И вдруг ашельские рубила в Приморье на реке Зеркальной!

Итак, встал вопрос: 5–6 тысяч лет или 300 тысяч? А может быть, ни то и ни другое! Ведь при первых наших находках, при раскопках не обнаружили ничего такого, что можно было бы назвать ашельским рубилом, а в специальной статье, посвященной находкам на реке Зеркальной, опубликованной в 1963 году, этот памятник датирован переходным временем от палеолита к неолиту.

И вот мы снова на этом месте, уже вошедшем в историю дальневосточной археологии и одновременно в историю древнейших культур Азиатского материка. О чем расскажут теперь эти оббитые камни, немые свидетели былого?

Первый и самый главный вывод был таким же, как и после первых наших раскопок шесть лет назад.
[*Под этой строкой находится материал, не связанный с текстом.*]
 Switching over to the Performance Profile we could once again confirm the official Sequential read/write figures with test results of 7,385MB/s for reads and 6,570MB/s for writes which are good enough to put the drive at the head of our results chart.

На устиновской террасе поколениями трудились мастера обработки камня.

Мы с волнением как бы следили теперь за каждым движением древнего нашего предка. Вот он извлек из жирной вязкой глины большой кусок породы, сплошь покрытый тем, что археологи называют коркой. От долгого лежания в земле в результате воздействия влаги и почвенных кислот камень с поверхности глубоко выветрился и преобразовался. Он и на самом деле как бы покрылся рыхлой желтой корочкой, под которой скрыт первоначальный цвет камня, чаще всего приятный темно-зеленый, и сейчас ласкающий глаз. Должно быть, и нашим далеким предшественникам этот темный зеленый цвет, напоминающий яшму или даже нефрит, доставлял такое же эстетическое удовольствие, как и нам самим.
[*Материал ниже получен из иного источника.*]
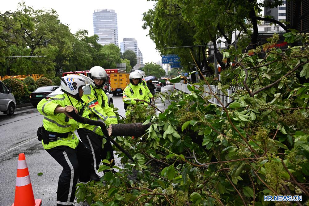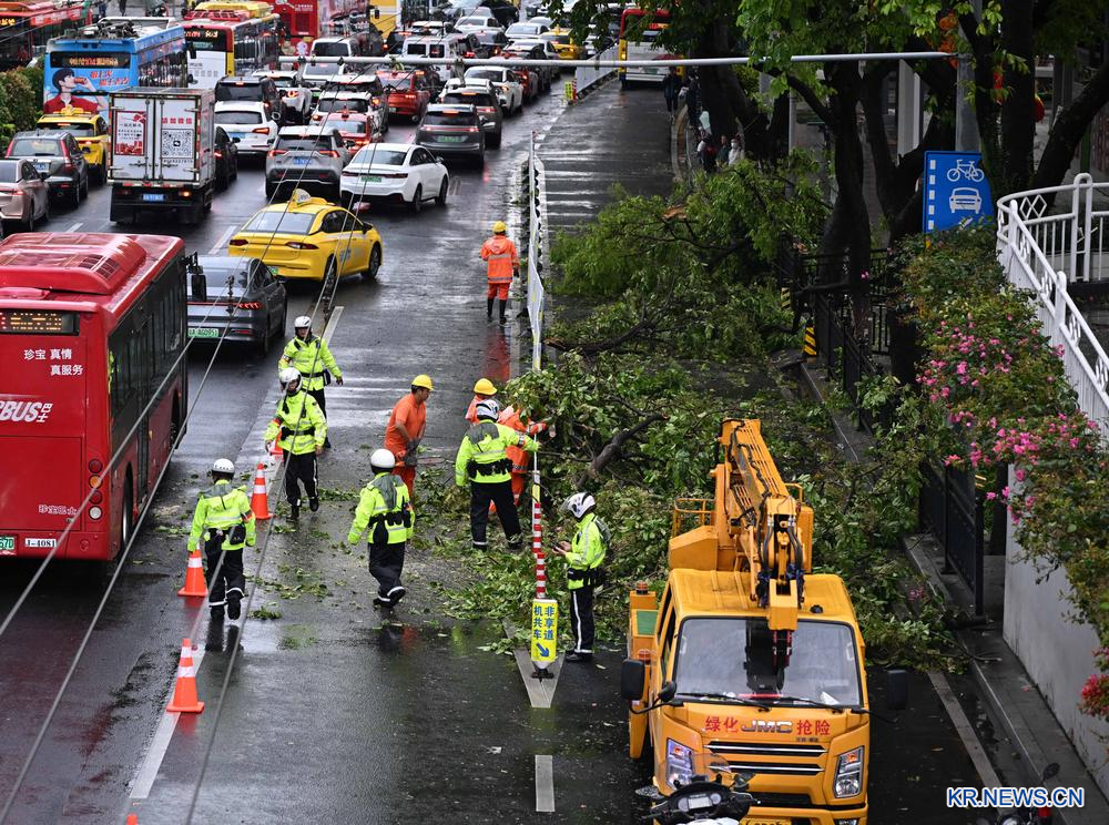 30일 광둥(廣東)성 광저우(廣州)시에서 쓰러진 가로수를 정리하는 교통경찰.

Однако прежде всего нужно удалить неприятную и совсем ненужную корку. И вот ее сбивают рядом мелких, хорошо нацеленных ударов, бережно зачищая таким образом натуральную сердцевину исходной глыбы.

В результате обнаруживается истинное качество камня, его ценность для дальнейшей творческой работы мастера. Если в нем есть трещины, если минерал слишком мягок и хрупок, его безжалостно выбрасывают, благо рядом можно найти не один десяток других таких же Камней. Не случайно же почти на каждом квадрате раскопа встречаются выброшенные за непригодностью, лишь слегка опробованные камни.

Настоящая работа мастера начинается, однако, на следующем этапе. Документами этого этапа служат нуклеусы-ядрища, то есть специально подготовленные заготовки-полуфабрикаты. От них скалывались или, точнее, отжимались уже не камнем-отбойником, а специальным отжимником из кости или рога те многочисленные отщепы и пластины, которые впервые нашел в таком большом количестве на полотне дороги Петрунь, а вслед за ним и мы сами в нашем раскопе.

Каждый такой нуклеус, каждая такая пластина или отщеп не простой отброс производства каменных изделий, а своего рода концентрированное выражение огромных усилий, производственного опыта и традиций, накоплявшихся тысячелетиями. На протяжении веков одни приемы расщепления камня, одни производственные навыки сменялись другими, более совершенными, а соответственно менялись формы нуклеусов, развивалась техника их оформления.

Иными словами, для археологов такой кусок обработанного камня, нуклеус, означает то же, что для палеонтолога раковины ископаемых моллюсков. Это «руководящее ископаемое». Точный индикатор уровня развития культуры. И в то же время хронологический показатель, молчаливый, но выразительный и достоверный свидетель древности наших находок.